3 - Os títulos digitais são atualizados nos termos previstos no SIR, sendo acessíveis no «Balcão do empreendedor» mediante a disponibilização de um código de acesso.

4 - A disponibilização do código de acesso ao título digital demonstra perante qualquer entidade pública e privada a titularidade do direito de instalar e explorar o estabelecimento industrial ou a ZER a que respeitam e constitui meio de prova para esse efeito, não podendo nenhuma entidade pública ou privada exigir comprovativo adicional quanto ao cumprimento de quaisquer controlos ou formalidades no âmbito de procedimentos previstos no SIR.

Artigo 7.º-A — Entidade responsável

O IAPMEI - Agência para a Competitividade e Inovação, I. P. (IAPMEI, I. P.), é a entidade responsável pelo tratamento de dados relativos ao sistema de informação dos estabelecimentos industriais para os efeitos da alínea d) do artigo 3.º da Lei n.º 67/98, de 26 de outubro.

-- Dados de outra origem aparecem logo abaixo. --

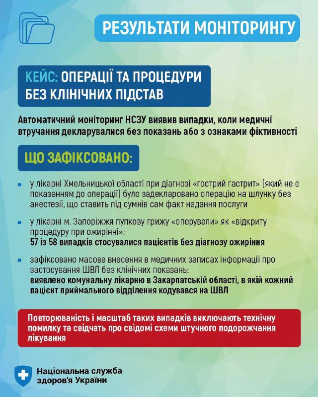 ➡️ На сайті НСЗУ опубліковано результати автоматичного моніторингу, який проводиться суцільним методом та охоплює усі заклади охорони здоров’я, які законтрактовані за пакетами медичної допомоги «Хірургічні операції дорослим та дітям у стаціонарних умовах», «Стаціонарна допомога дорослим та дітям без проведення хірургічних операцій» та «Хірургічні операції дорослим і дітям в умовах стаціонару одного дня».
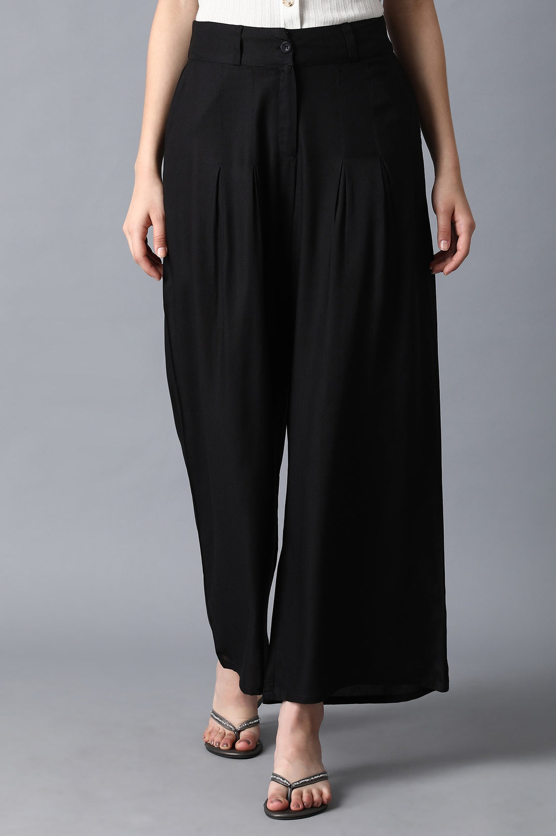 Black tailored volume flared pants with pleated detail, pockets and button closure.

Artigo 7.º-B — Dados recolhidos

1 - São recolhidos para tratamento automatizado no âmbito do sistema de informação dos estabelecimentos industriais os dados na posse dos serviços ou organismos da Administração Pública referentes às pessoas singulares ou coletivas titulares de estabelecimentos que exercem atividades industriais, designadamente:

a)

Identificação, com menção do nome ou firma;

b)

Nome das pessoas singulares titulares de Estabelecimento Individual de Responsabilidade Limitada;

c)

Domicílio fiscal, endereço da sede ou residência;

d)

Informação sobre a instalação, modificação e encerramento de estabelecimentos;

e)

Informação sobre a localização de estabelecimentos;

f)

Identificação e localização, data de início e fim de atividade dos empresários em nome individual e respetiva Classificação Portuguesa das Atividades Económicas (CAE);

g)

Início, alteração e cessação da atividade;

h)

Informação sobre operações de valorização de resíduos desenvolvidas na instalação, com indicação do código da operação de gestão de resíduos, respetiva capacidade instalada, bem como código dos resíduos valorizados de acordo com a Lista Europeia de Resíduos.

2 - Para os efeitos previstos na alínea a) do n.º 1 do artigo 7.º, os serviços e organismos da Administração Pública devem garantir a partilha da informação relevante que já se encontre na sua posse e seja necessária à instrução dos procedimentos previstos no SIR, permitindo o acesso à mesma através do «Balcão do empreendedor».

3 - Os dados a que se referem os números anteriores são partilhados pelos serviços e organismos competentes, que devem permitir o acesso aos mesmos através do «Balcão do empreendedor», preferencialmente através da iAP.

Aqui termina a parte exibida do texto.